A small percentage of electronic commerce is conducted entirely
electronically for "virtual" items such as access to premium content on a
website, but most electronic commerce eventually involves physical items and
their transportation in at least some way.
History
The meaning of the term "electronic commerce" has changed over the last 30
years. Originally, "electronic commerce" meant the facilitation of commercial
transactions electronically, usually using technology like Electronic Data
Interchange (EDI) and Electronic Funds Transfer (EFT), where both were
introduced in the late 1970s, for example, to send commercial documents like
purchase orders or invoices electronically.
The 'electronic' or 'e' in e-commerce refers to the technology/systems; the
'commerce' refers to be traditional business models. E-commerce is the complete
set of processes that support commercial business activities on a network. In
the 1970s and 1980s, this would also have involved information analysis. The
growth and acceptance of credit cards, automated teller machines (ATM) and
telephone banking in the 1980s were also forms of e-commerce. However, from the
1990s onwards, this would include enterprise resource planning systems (ERP),
data mining and data warehousing.
In the
dot com era, it came to include activities more precisely termed "Web commerce"

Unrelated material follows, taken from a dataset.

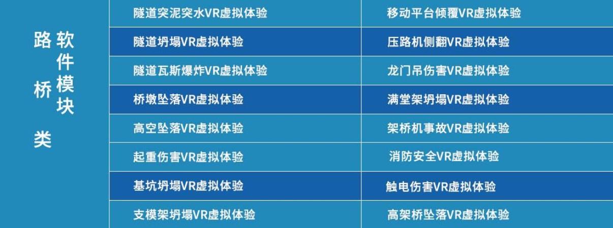 路橋施工軟件模塊主要有支模架坍塌VR體驗、消防安全VR體驗、隧道瓦斯爆炸、隧道突泥突水、觸電傷害、高空墜落、高空作業、基坑坍塌、起重傷害、隧道坍塌逃生等多個VR體驗項目。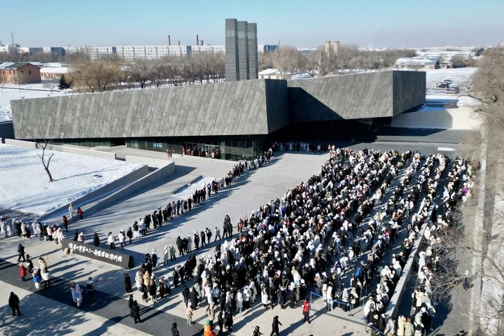 在侵华日军第七三一部队罪证陈列馆外,众多参观者冒着严寒排队等待入馆(2024年1月24日摄)。新华社发(侵华日军第七三一部队罪证陈列馆供图)

-- the purchase of goods and services over the World Wide Web, usually with
secure connections (HTTPS, a special server protocol that encrypts confidential
ordering data for customer protection) with e-shopping carts and with electronic
payment services, like credit card payment authorizations.
Today, it encompasses a very wide range of business activities and processes,
from e-banking to offshore manufacturing to e-logistics. The ever growing
dependence of modern industries on electronically enabled business processes
gave impetus to the growth and development of supporting systems, including
backend systems, applications and middleware. Examples are broadband and
fibre-optic networks, supply-chain management software, customer relationship
management software, inventory control systems and financial accounting
software.
When the Web first became well-known among the general public in 1994, many
journalists and pundits forecast that e-commerce would soon become a major
economic sector. However, it took about four years for security protocols (like
HTTPS) to become sufficiently developed and widely deployed. Subsequently,
between 1998 and 2000, a substantial number of businesses in the United States
and Western Europe developed rudimentary web sites.
Although a large number of "pure e-commerce" companies disappeared during the
dot-com collapse in 2000 and 2001, many "brick-and-mortar" retailers recognized
that such companies had identified valuable niche markets and began to add
e-commerce capabilities to their Web sites. For example, after the collapse of
online grocer Webvan, two traditional supermarket chains, Albertsons and
Safeway, both started e-commerce subsidiaries through which consumers could
order groceries online.
The emergence of e-commerce also significantly lowered barriers to entry in
the selling of many types of goods; accordingly many small home-based
proprietors are able to use the internet to sell goods. Often, small sellers use
online auction sites such as
eBay, or sell via
large corporate websites like Amazon.com, in order to take advantage of the
exposure and setup convenience of such sites.
Success factors
In many cases, an e-commerce company will survive not only based on its
product, but by having a competent management team, good post-sales services,
well-organized business structure, network infrastructure and a secured,
well-designed website. A company that wants to succeed will have to perform 2
things: Technical and organizational aspects and customer-oriented. Following
factors will make business of companies succeed in e-commerce:
Technical and organizational aspects
- Sufficient work done in
market research and analysis. E-commerce is not exempt from good business
planning and the fundamental laws of supply and demand. Business failure is as much a reality in e-commerce
as in any other form of business.
- A good management team armed with information technology strategy. A
company's IT strategy should be a part of the business re-design process.
- Providing an easy and secured way for customers to effect transactions.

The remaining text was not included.